Chinese shoemakers and European retailers are threatening legal action after the EU adopted a decision to impose anti-dumping duties against imports of leather footwear from China and Vietnam.
The controversial measures, which will be valid for two years, were adopted by EU ministers on 5 October 2006. Only nine of the EU’s 25 members voted in favour of imposing duties while 12 were against. Nevertheless, with abstentions from four countries counting as ‘Yes’ votes, the measures were passed.
Trade Commissioner Peter Mandelson had initially proposed taking action against Chinese and Vietnamese companies because investigations carried out by the Commission showed that they had been benefiting from cheap bank loans, tax holidays and other government subsidies which had allowed them to export footwear at below-cost prices.
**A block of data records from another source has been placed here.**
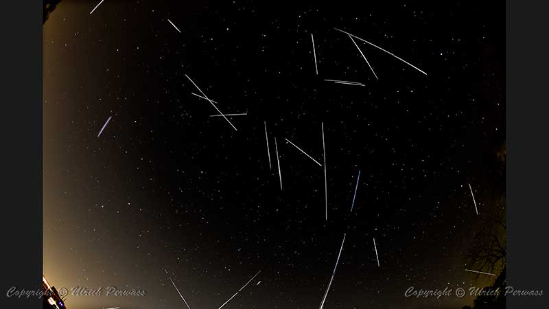 Lyriden Sie sind ein Meteorstrom, der schon seit Jahrhunderten (seit 687 v. Chr.) im Frühling zu beobachten ist. Der Name Lyride leitet sich vom antiken Zupfinstrument Lyra ab, da der Meteorstrom aus dem Sternbild der Leier (lyra) zu entströmen scheint. Die Zahl der Meteore pro Stunde soll bei etwa 18 liegen. Das Maximum sollte laut Zeitung am 22. April zu beobachten sein, was mich bewegte, meine NIKON D850 auf meinem Schornstein zu platzieren. Leider war die Ausbeute nach 4 1/2 Stunden äußerst gering, da auch das Licht vom Flughafen Köln-Bonn sich sehr störend bemerkbar machte. Die Perseiden sind Mitte August besser zu beobachten:
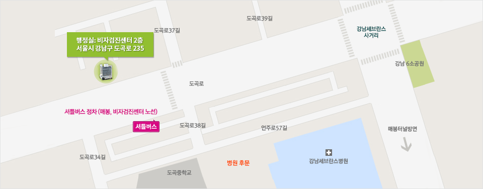 주소 : 서울시 강남구 도곡로 235 강남세브란스병원 비자검진센터 확인
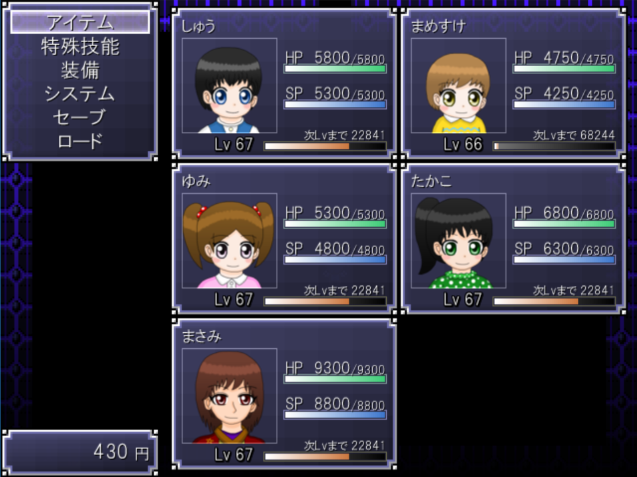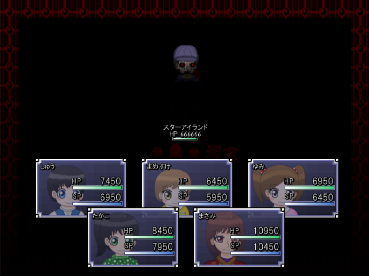 実はある事情でラスボスであるスタアイさんと対峙するときに、正規ルートよりも弱くステータスが設定されるのです。どうにもまめすけくんのRPG編が終わった時のレベルにみんなが合わせるみたいです。(正規ルートのスタアイ戦ではメンバー全員がレベル100になる)
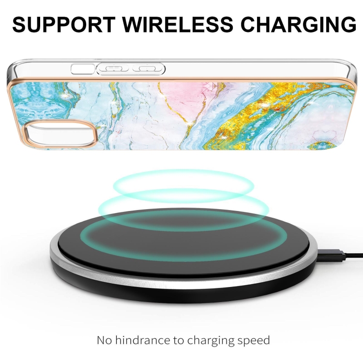 Estuche para iPhone 13 Pro Galvanoplastia Patrón de Mármol a Prueba de Golpes Imd TPU Doble Cara (Verde)
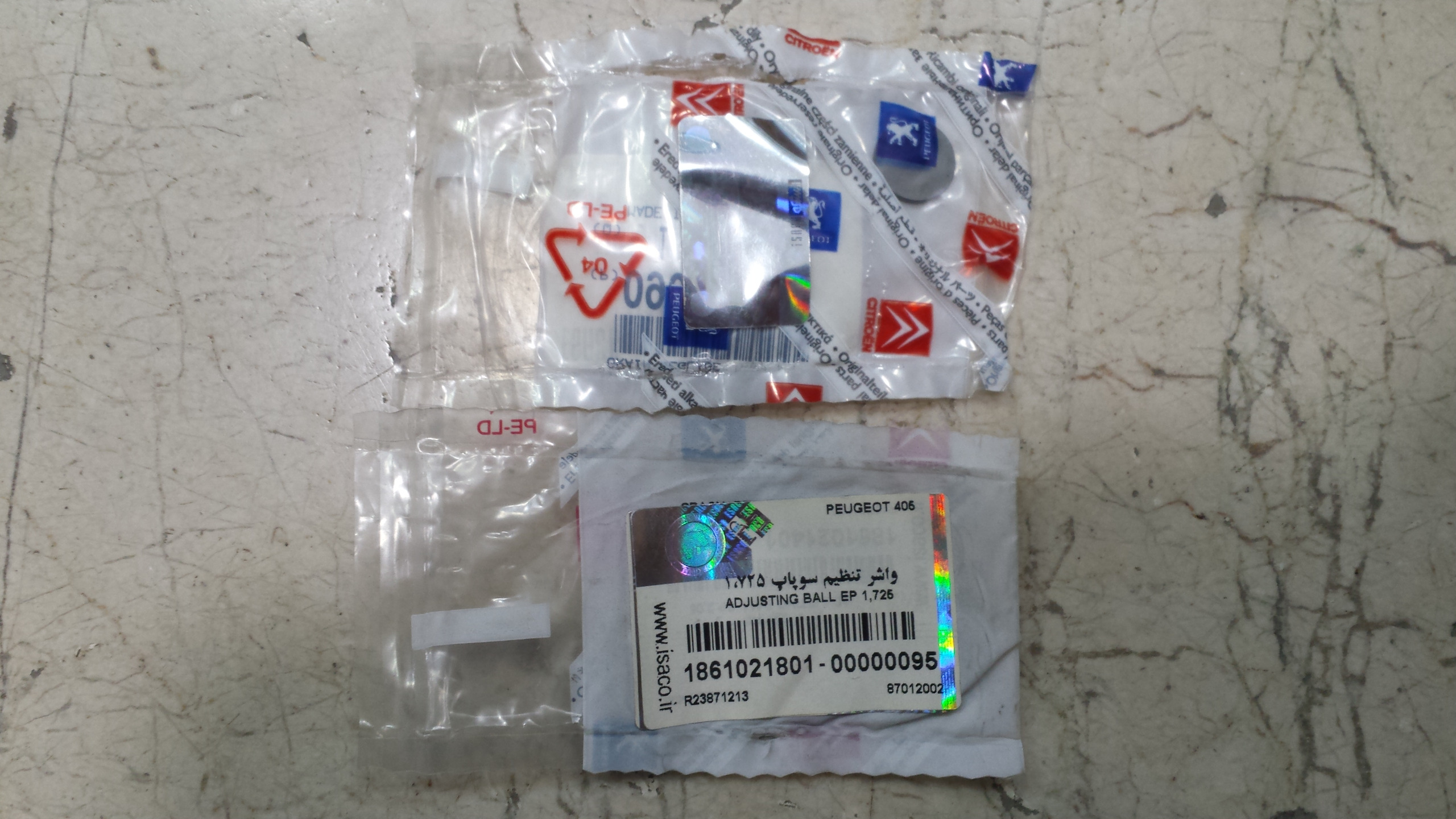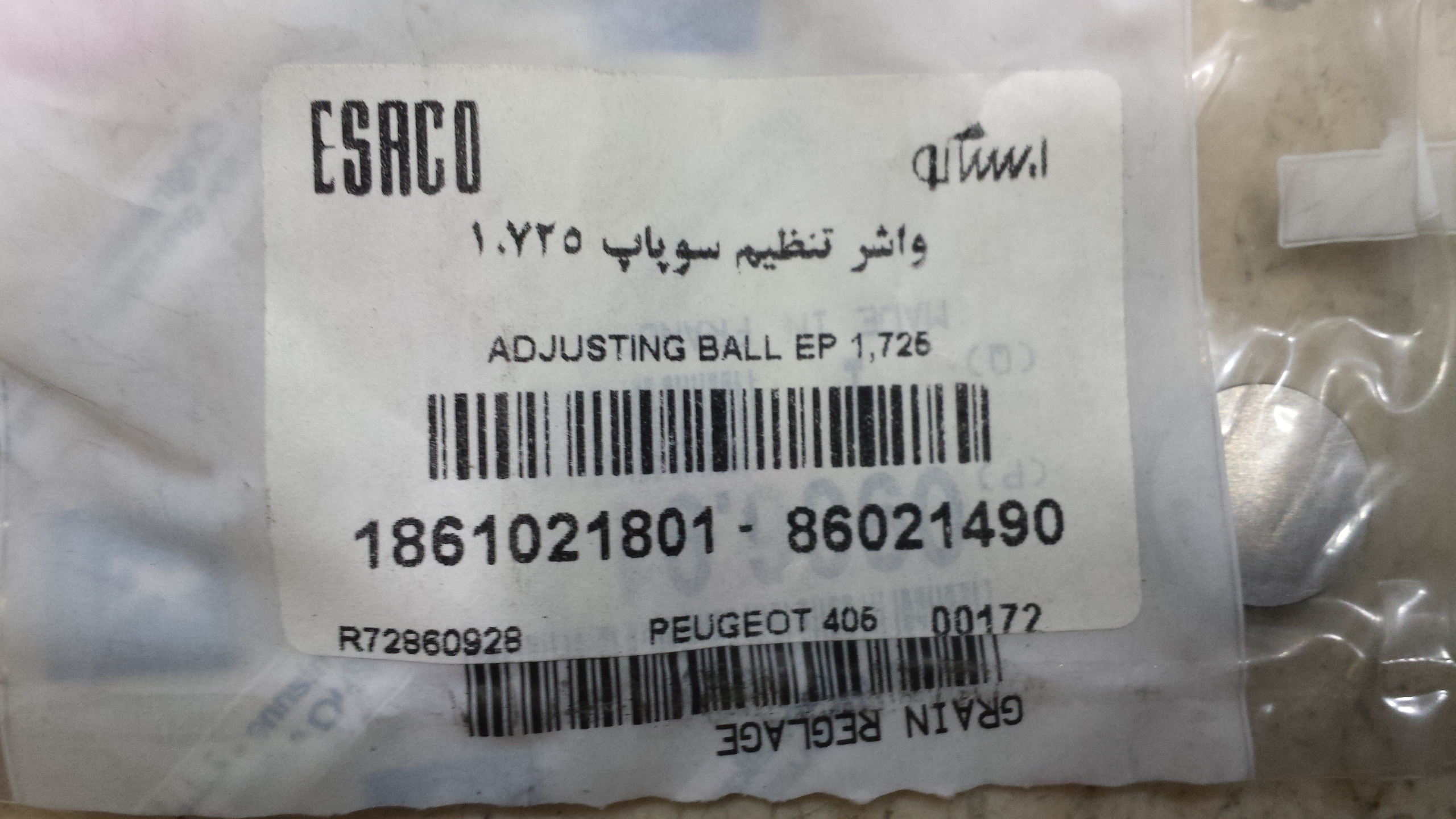 یک عدد شیم تنظیم سوپاپ سرسیلندر پژو 405 اورجینال فرانسه با لیبل ایساکو - اندازه 1/725 - قیمت برای یک عدد میباشد

However, European shoe retailers and importers and some member states – in particular the Scandinavian countries – have criticised the way that the Commission carried out its anti-dumping investigation, saying that it was biased from the start, overlooking the impact measures would have for thousands of European workers in the shoe-distribution network and succumbing to intense political pressure from certain member states.
The criteria used during the investigation have also raised concerns; in particular, the use of Brazil as a reference market for comparing prices with China, rather than an Asian country. Member states and shoe retailers and importers say that the choice was “illogical” as it sets the costs incurred by large export-orientated Chinese companies against those charged by small Brazilian factories focusing on the domestic market.
They also say currency variations were not taken into account in the 2005 report.